§ Task item: With the pictures left out, restate exactly the part below that opens with the line containing "Recent Arrival! This" and closes with the line containing "A party coaster".

§ Available records:
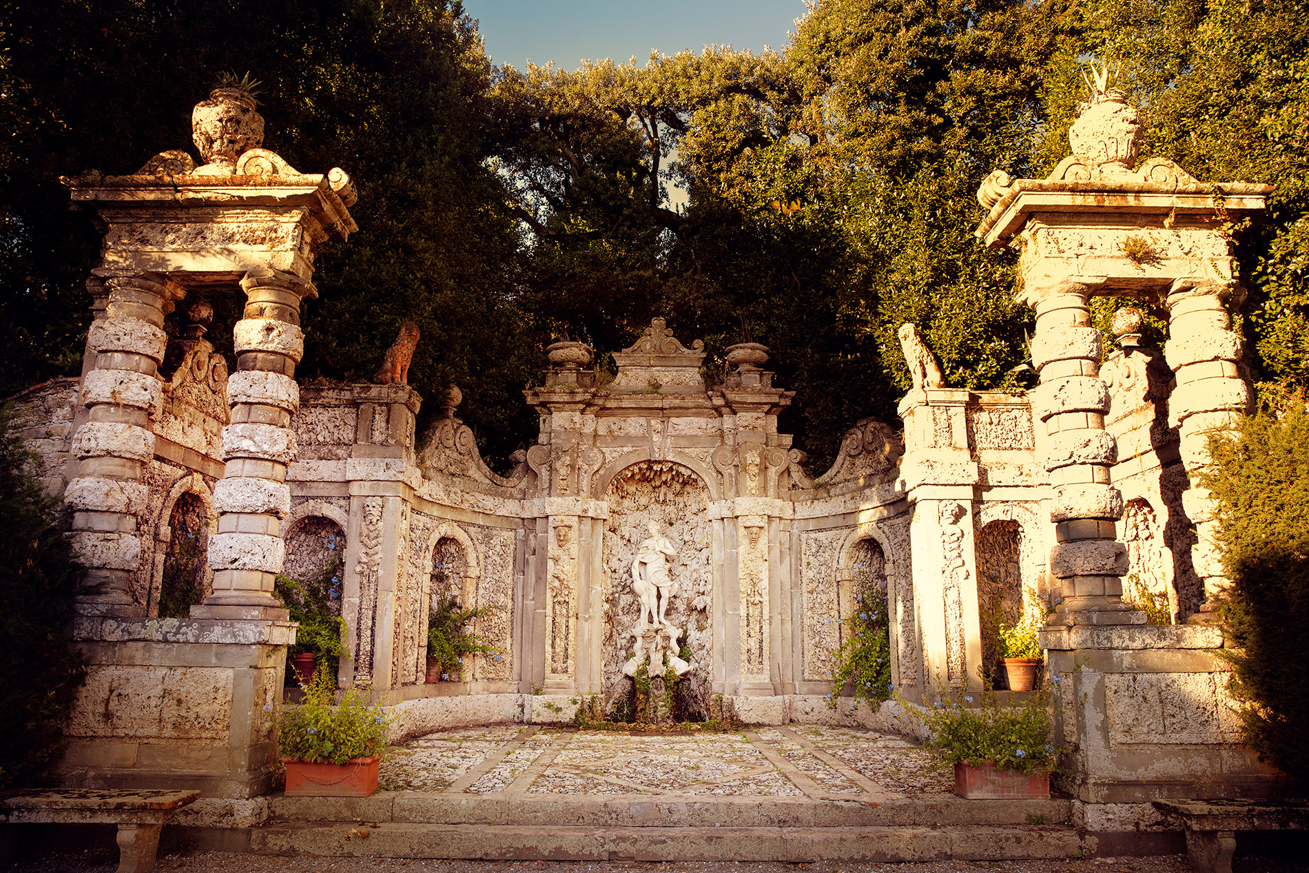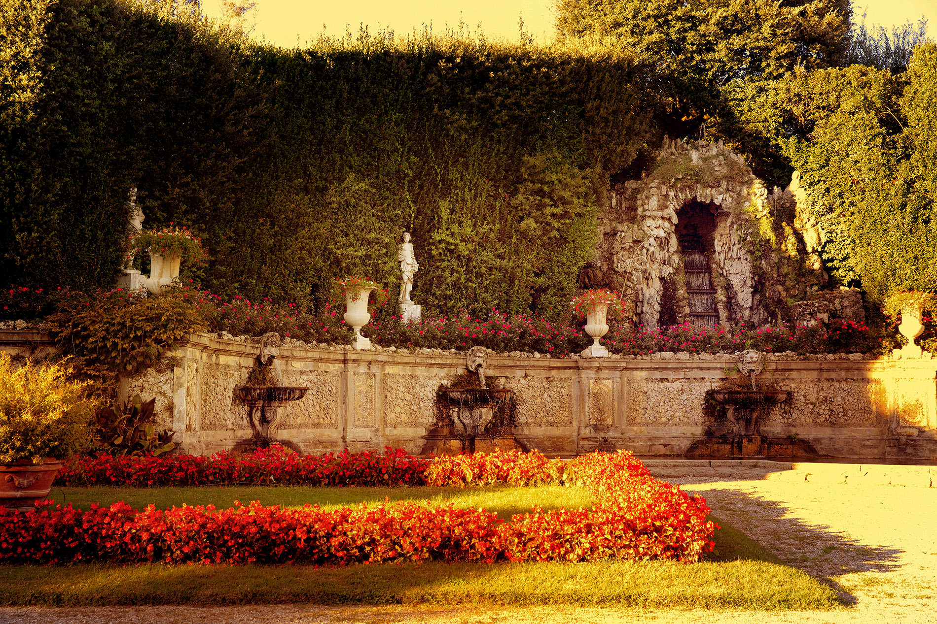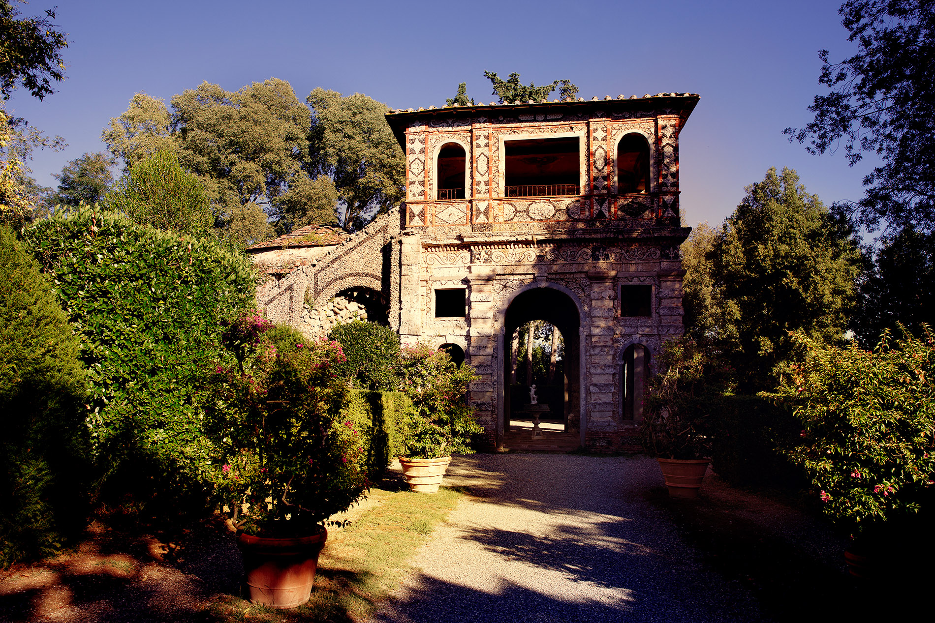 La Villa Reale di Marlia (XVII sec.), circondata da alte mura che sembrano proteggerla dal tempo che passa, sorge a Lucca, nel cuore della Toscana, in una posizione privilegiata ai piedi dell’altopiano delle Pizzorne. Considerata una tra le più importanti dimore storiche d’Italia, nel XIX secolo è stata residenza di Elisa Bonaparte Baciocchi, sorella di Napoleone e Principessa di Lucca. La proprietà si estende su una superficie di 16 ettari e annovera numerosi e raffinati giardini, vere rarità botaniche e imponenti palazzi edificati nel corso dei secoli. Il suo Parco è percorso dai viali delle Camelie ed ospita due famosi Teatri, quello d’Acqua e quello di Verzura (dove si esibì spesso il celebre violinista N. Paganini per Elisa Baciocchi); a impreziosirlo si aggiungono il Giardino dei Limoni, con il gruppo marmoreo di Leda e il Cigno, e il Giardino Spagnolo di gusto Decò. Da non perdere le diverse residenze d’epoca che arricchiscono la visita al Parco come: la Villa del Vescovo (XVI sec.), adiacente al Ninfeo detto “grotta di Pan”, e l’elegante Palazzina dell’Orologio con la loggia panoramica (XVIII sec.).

---

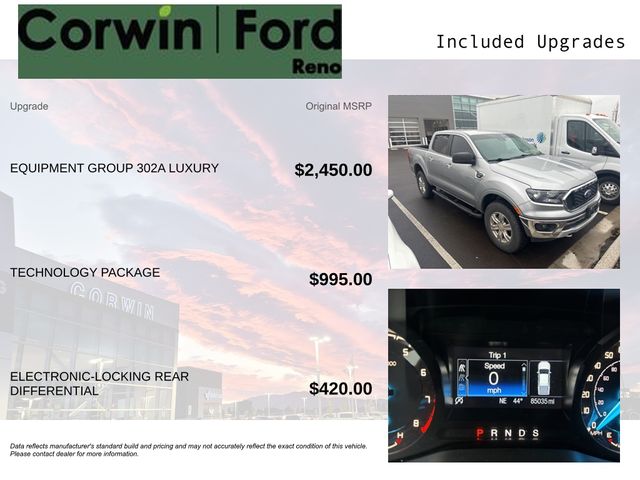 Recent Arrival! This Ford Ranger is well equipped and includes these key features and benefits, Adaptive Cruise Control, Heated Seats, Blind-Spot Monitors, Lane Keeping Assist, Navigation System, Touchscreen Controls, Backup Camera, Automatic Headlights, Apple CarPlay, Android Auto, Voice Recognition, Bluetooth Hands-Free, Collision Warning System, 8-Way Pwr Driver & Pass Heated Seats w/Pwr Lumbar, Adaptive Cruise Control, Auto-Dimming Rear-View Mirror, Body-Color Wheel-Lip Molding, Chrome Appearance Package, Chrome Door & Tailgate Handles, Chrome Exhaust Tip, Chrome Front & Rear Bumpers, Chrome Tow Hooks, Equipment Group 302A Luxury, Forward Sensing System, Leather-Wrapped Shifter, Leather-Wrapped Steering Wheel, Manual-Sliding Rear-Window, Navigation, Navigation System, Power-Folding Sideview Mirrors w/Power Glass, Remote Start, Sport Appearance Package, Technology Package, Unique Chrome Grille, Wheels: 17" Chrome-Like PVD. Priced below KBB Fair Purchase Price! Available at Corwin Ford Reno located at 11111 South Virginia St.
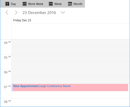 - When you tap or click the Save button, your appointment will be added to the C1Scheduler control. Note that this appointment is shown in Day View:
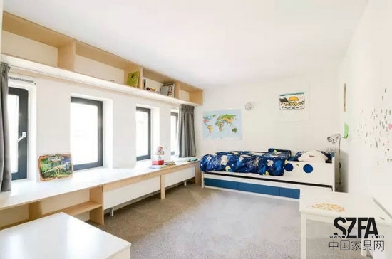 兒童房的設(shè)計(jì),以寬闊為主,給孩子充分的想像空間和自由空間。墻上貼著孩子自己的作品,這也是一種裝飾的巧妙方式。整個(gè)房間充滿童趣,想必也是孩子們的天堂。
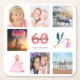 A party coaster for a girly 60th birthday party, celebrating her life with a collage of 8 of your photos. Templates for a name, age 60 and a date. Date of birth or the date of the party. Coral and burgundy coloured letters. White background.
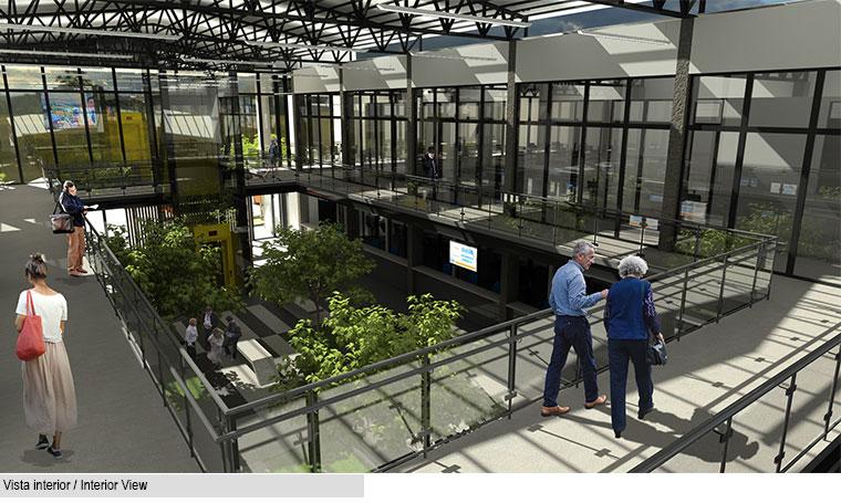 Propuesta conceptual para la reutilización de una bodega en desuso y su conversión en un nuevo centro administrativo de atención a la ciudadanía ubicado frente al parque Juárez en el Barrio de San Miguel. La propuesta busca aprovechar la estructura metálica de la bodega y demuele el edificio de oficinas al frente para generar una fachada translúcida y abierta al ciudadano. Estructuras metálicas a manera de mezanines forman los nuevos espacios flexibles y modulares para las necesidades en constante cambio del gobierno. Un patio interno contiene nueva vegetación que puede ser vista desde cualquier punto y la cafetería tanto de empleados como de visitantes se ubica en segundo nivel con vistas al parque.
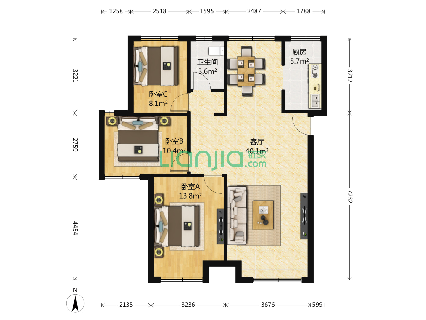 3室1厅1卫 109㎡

§ Response to the exercise:
 Recent Arrival! This Ford Ranger is well equipped and includes these key features and benefits, Adaptive Cruise Control, Heated Seats, Blind-Spot Monitors, Lane Keeping Assist, Navigation System, Touchscreen Controls, Backup Camera, Automatic Headlights, Apple CarPlay, Android Auto, Voice Recognition, Bluetooth Hands-Free, Collision Warning System, 8-Way Pwr Driver & Pass Heated Seats w/Pwr Lumbar, Adaptive Cruise Control, Auto-Dimming Rear-View Mirror, Body-Color Wheel-Lip Molding, Chrome Appearance Package, Chrome Door & Tailgate Handles, Chrome Exhaust Tip, Chrome Front & Rear Bumpers, Chrome Tow Hooks, Equipment Group 302A Luxury, Forward Sensing System, Leather-Wrapped Shifter, Leather-Wrapped Steering Wheel, Manual-Sliding Rear-Window, Navigation, Navigation System, Power-Folding Sideview Mirrors w/Power Glass, Remote Start, Sport Appearance Package, Technology Package, Unique Chrome Grille, Wheels: 17" Chrome-Like PVD. Priced below KBB Fair Purchase Price! Available at Corwin Ford Reno located at 11111 South Virginia St.
 - When you tap or click the Save button, your appointment will be added to the C1Scheduler control. Note that this appointment is shown in Day View:
 兒童房的設(shè)計(jì),以寬闊為主,給孩子充分的想像空間和自由空間。墻上貼著孩子自己的作品,這也是一種裝飾的巧妙方式。整個(gè)房間充滿童趣,想必也是孩子們的天堂。
 A party coaster for a girly 60th birthday party, celebrating her life with a collage of 8 of your photos. Templates for a name, age 60 and a date. Date of birth or the date of the party. Coral and burgundy coloured letters. White background.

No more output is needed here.